How This Can Be Used

It is not uncommon to take interviews over Google Hangouts or Skype. This can be an awkward process to feel out and its hard to judge whether or not you are doing a good job or if you found a good location to sit and take the video call. This algorithm can help you practice your video interviewing skills by giving you a score that you can compare to your previous attempts. Finally you will be able to answer questions like:

  • Do you go into your kitchen to bring in some natural light or do you plop yourself down in front of your expansive library to show how much you really do read?
  • How loud do you need to yell into the microphone so everyone hears you?
  • How many GRE words can you sprinkle into your answer of “Tell me about yourself”?

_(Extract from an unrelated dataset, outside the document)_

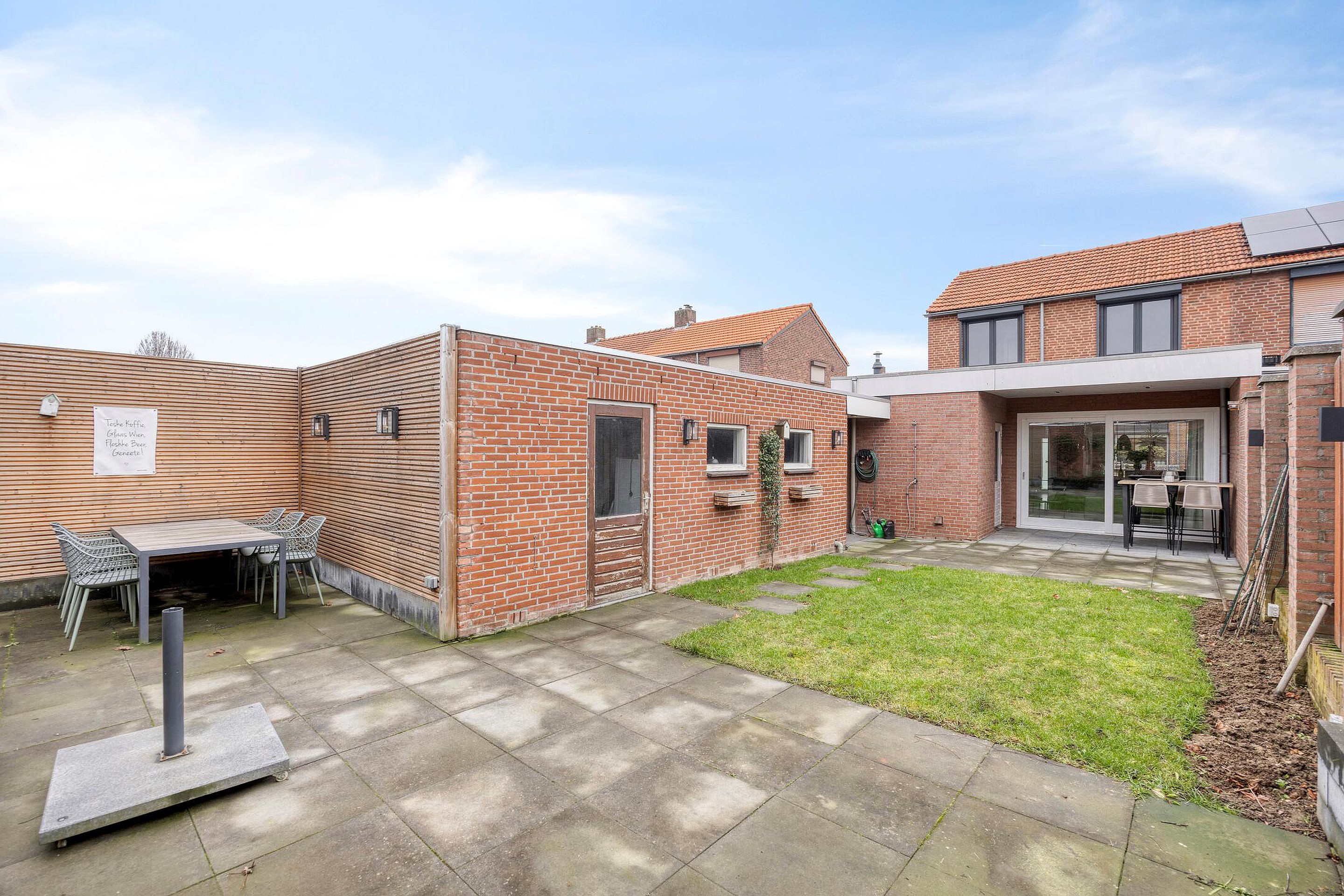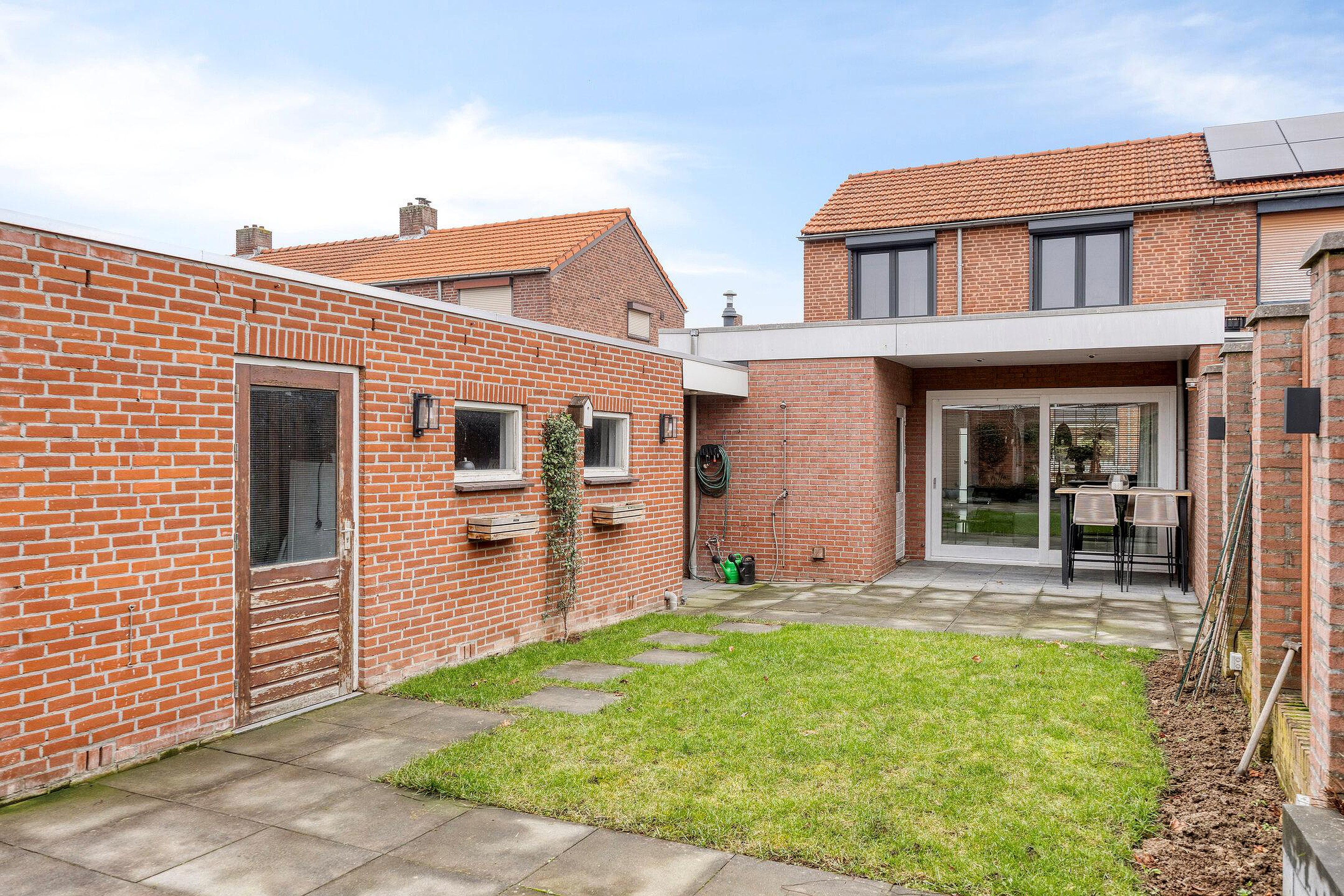 Voortuin, deels betegeld met looppad naar voordeur en borders met siergrassen, bloemen en boompjes. De achtertuin (ca.12 meter diep) is gunstig gelegen op het zuidoosten en is deels betegeld en deels voorzien van een gazon, dit zorgt voor groen en onderhoudsgemak. Dankzij de slimme indeling beschikt de tuin over meerdere zitplekken, zodat je op elk moment van de dag kunt kiezen voor zon of schaduw. Via een praktische doorgang naar de oprit en de achterliggende garage is de tuin ook uitstekend bereikbaar.

On the flip-side, this model could be useful for recruiting teams that need a quick way to filter out applicants based on video submissions. Watching thousands of videos might not be feasible for certain teams and this model could serve as a good first pass-at the very least, it could weed out losers like the sarcastic sad-sack in the first video and elevate some real winners like the guy in the second.

If you want to give the model a go yourself and see how good your first impressions are, check out my GitHub and download the data + code for yourself!

Once you’ve mastered some of these areas, it won’t matter if you’re sitting in your parents guest room in a dress shirt and your underwear or if you’re taking a call from a boardroom in Silicon Valley- you’ll know that you can be confident in your first impression.